JR奈良線の複線化事業で注目したいのは、沿線自治体が工事費をJR西日本と折半したことである。2001年完成の第1期工事では、事業費152億円のうちJR西日本が76億円、残りを京都府38億円、京都市15億円、宇治市など他市町23億円と負担した。

官民ともにJR奈良線は輸送改善をすれば利用が伸びる余地はあると判断し、積極策を講じた。実際、運行本数は国鉄時代と比べて5倍近く、利用者は約3倍に増えた。

一方、今回の第2期工事の事業費397.1億円のうち、JR西日本は約25.2%の100億円を負担するにとどまった。事業性、採算性を懸念したようだ。残り297.0億円について、府と沿線6市町がそれぞれ148.5億円ずつ負担した。

なぜ、地元はJR奈良線に期待するのか。
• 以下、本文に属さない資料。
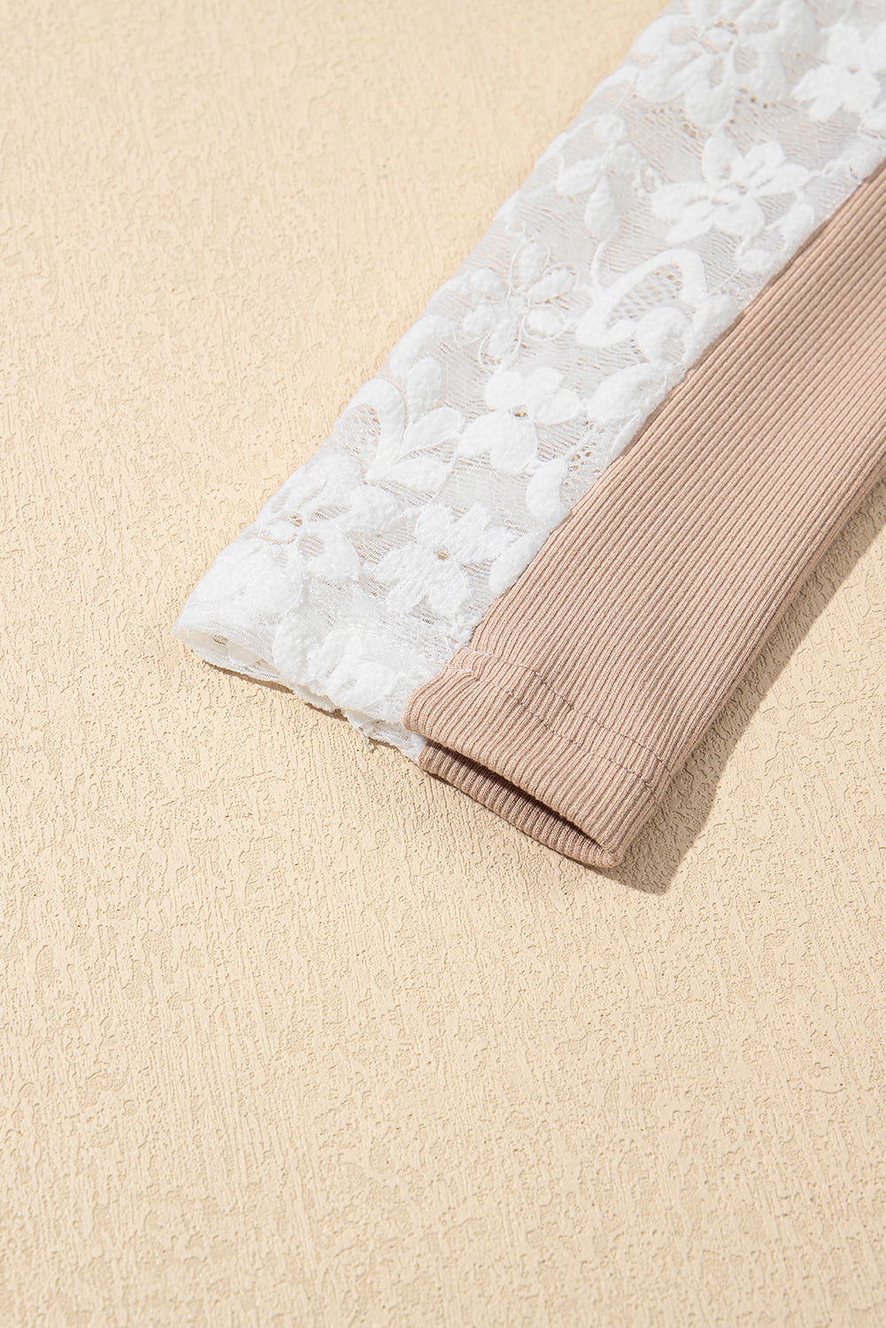 Smoke Gray Floral Lace Patchwork Long Sleeve High Neck Slim Top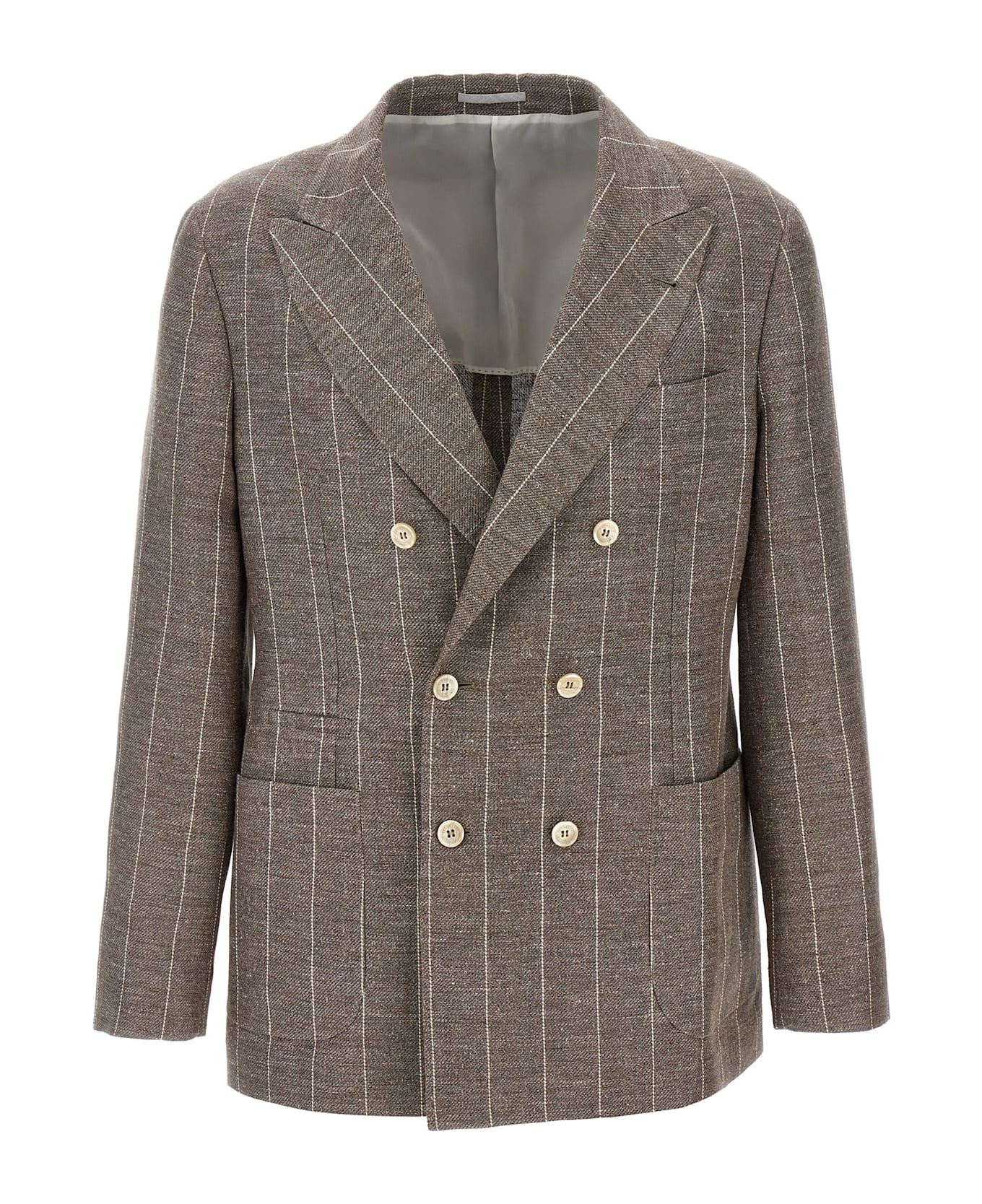 Deconstructed blazer in wide pinstripe canvas of linen, cotton, silk and wool from the

京都府建設交通部交通政策課の笹井淳課長は「京都府にとって、奈良線の高速化・複線化は長年の課題でした」と語る。

府は総合計画で「府域の均衡ある発展」を掲げ、府内のJR線の改良工事へ積極的に税金を投じてきた。1999年に山陰本線・舞鶴線の電化を完成させ、次にJR奈良線複線化第1期工事、2010年に山陰本線園部までの複線化も実現させた。次はJR奈良線の複線区間を延長して……と府民の期待が高まっていた。

京都府南部の木津川西岸では関西文化学術研究都市の整備と大規模開発が展開されてきたが、JR奈良線の走る木津川東岸エリアの開発は停滞。井手町と木津川市北部(旧山城町)にあるJR4駅の乗車客数は30年前より3割減となった。城陽市は1995年、宇治市も2010年から人口減に転じている。

今回の複線化にあわせ、5駅で駅舎の改築、橋上化、そして駅前広場の整備が行われた。井手町は山城多賀駅の西口駅前広場に5.8ヘクタールの開発地を用意して商業施設を誘致。今夏、スーパーがオープンする。各市町とも厳しい財政状況にあるが、交流人口を増やそうと駅施設を改善した。まちづくりへの期待が大きい。

新名神大津―城陽間の開通に注目

もう1つ、地元期待の事業が、新名神高速道路大津IC―城陽IC間の建設だ。城陽市の東部丘陵地帯では次世代基幹物流施設の工事が次々と着手された。新名神でのダブル連結トラック、そして隊列走行、自動運転などを想定している。

商業施設については、JR長池駅の1.5km東側で、三菱地所系の関西最大級のアウトレットモールが整備されている。駅との間に利用者や従業員用のシャトルバスの運行が予定されており、開業の暁にはJR奈良線の利用状況も変わるだろう。

ただ、新名神延伸区間の開通は当初2024年春開通予定だったのが、2024年度末に延期され、さらに今年1月、「開通時期未定」と発表された。各プロジェクトとも見直しを迫られている。